Мария кусает меня в губы, ей мало моих слов, она хочет получить доказательство моей искренности, она мне не верит, притворяясь довольной, чтобы на минуту потешить себя иллюзиями. Внезапно Мария откидывается назад, и я падаю на нее, но у меня не хватает духа сделать то, чего она от меня добивается, и она вопросительно смотрит мне в глаза своими широко раскрытыми глазами. Мне страшно: а что потом? — и я начинаю лихорадочно говорить, фантазировать о нашей будущей жизни, и, если бы кто-то неожиданно вошедший не помешал ей, она бы принялась потихоньку гладить мое тело рукой — она же прекрасно понимает, что одно лишь прикосновение ее тонкой белой руки, маленькой и пухлой, такой спокойной и такой властной, приводит меня в трепет.
— Привет, Маниньо! — Мой свист пронзает предрассветную тишину — так свистят мальчишки у нас в муссеке, и он останавливается.
— Привет! Да это Майш Вельо! Ты стал, как я погляжу, настоящим жителем муссека!

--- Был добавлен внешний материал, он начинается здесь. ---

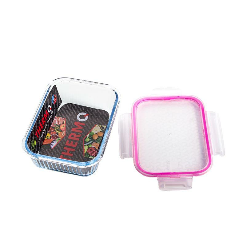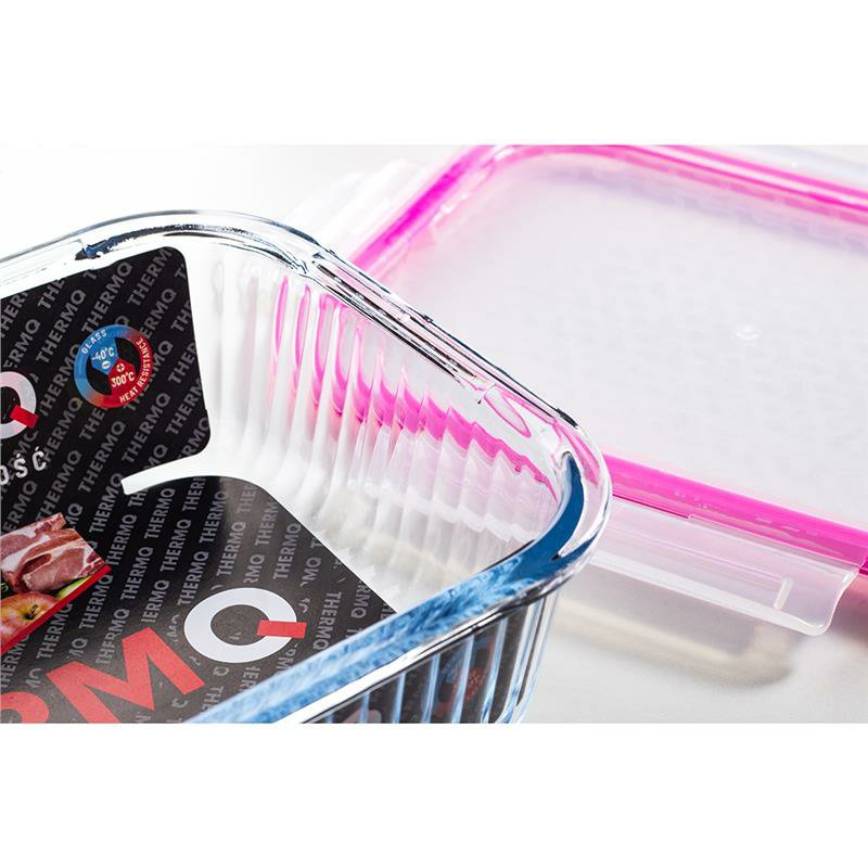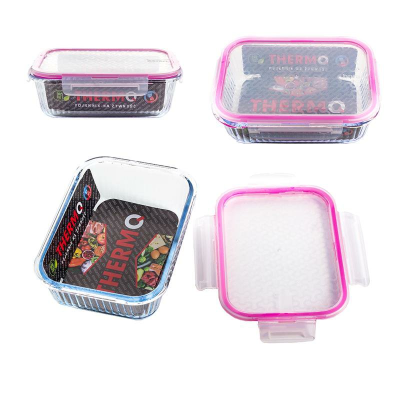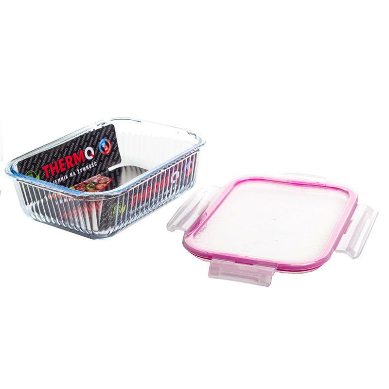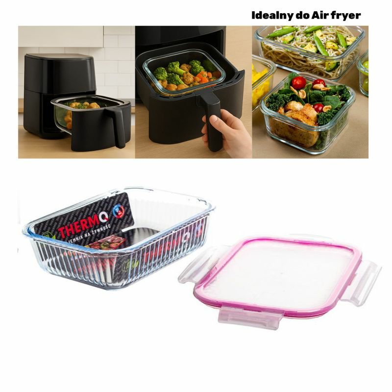 Tepelně odolná skleněná nádoba na potraviny s uzávěrem – Thermo je praktická a stylová volba pro každou domácnost i do práce. Vyrobena z vysoce kvalitního žáruvzdorného skla, nabízí bezpečné uchovávání potravin při vysokých i nízkých teplotách. Je také vhodná do horkovzdušných fritéz! Robustní plastové víko se západkami a růžovým silikonovým těsněním zajišťuje vzduchotěsnost a zabraňuje úniku pachů, což prodlužuje čerstvost vašich jídel.

На нем американская рубашка с картинками, смех его по-прежнему светел, на голове граммофон, а рядом его приятель с граммофонной трубой в руках, африканец чернее ночи. Четыре часа утра, и, хотя рассвет уже близок, еще темно, их смех для меня как солнце:
— Наконец-то я поймал тебя на месте преступления! И не оправдывайся, что идешь с собрания, все равно не поверю… Ты был у девочек…
Он даже не мог мне дать подзатыльник: мешал водруженный на светловолосой голове граммофон.
— Понимаешь, мы так здорово веселились, и вдруг лопнула пружина. Мы идем к Нето поставить новую…
Его друг, стоя рядом, смеется, после пирушки у него хорошее настроение. Подумать только, ведь это Маниньо женился на мулатке, это он ходил по пирушкам, он любил африканку Марикоту, можно сказать нашу сестру. Он пил и ел, болтал и смеялся и всегда был с ними, с теми, кого я люблю, он бродил ночами по пустынным улицам нашей Луанды. И это в него выстрелили из карабина, маленькая дырочка в груди, чуть заметное отверстие, и через него вместе с кровью утекла его жизнь…
Мама воскликнула: «Его убил террорист!» Мне захотелось ее поправить, прервать хором причитавших в голос соболезнующих соседок и тихий мамин плач и сказать: «Партизан», но никто бы меня не понял, мы говорили с ними на разных языках, они называли партизан террористами и в ту минуту думали только о смерти, а мне хотелось подчеркнуть, что смерти бывают разные, но им все казалось единым: террористы, партизаны, война, смерть — дырочка от пули, совсем маленькая, чуть побольше игольного ушка, и жизнь покидает человека, а ведь мать девять месяцев носила его под сердцем и рожала в муках, а теперь ей снова приходится мучиться, видя его в гробу. Я хотел бы увидеть винтовку в руках моего младшего брата Маниньо, хотел бы измерить след от пули на его теле дулом его винтовки. Неужели эти девять миллиметров равноценны человеческой жизни? Равноценны человеческому достоинству прекрасного юноши двадцати четырех лет от роду, неразрывно связанного с юной девушкой?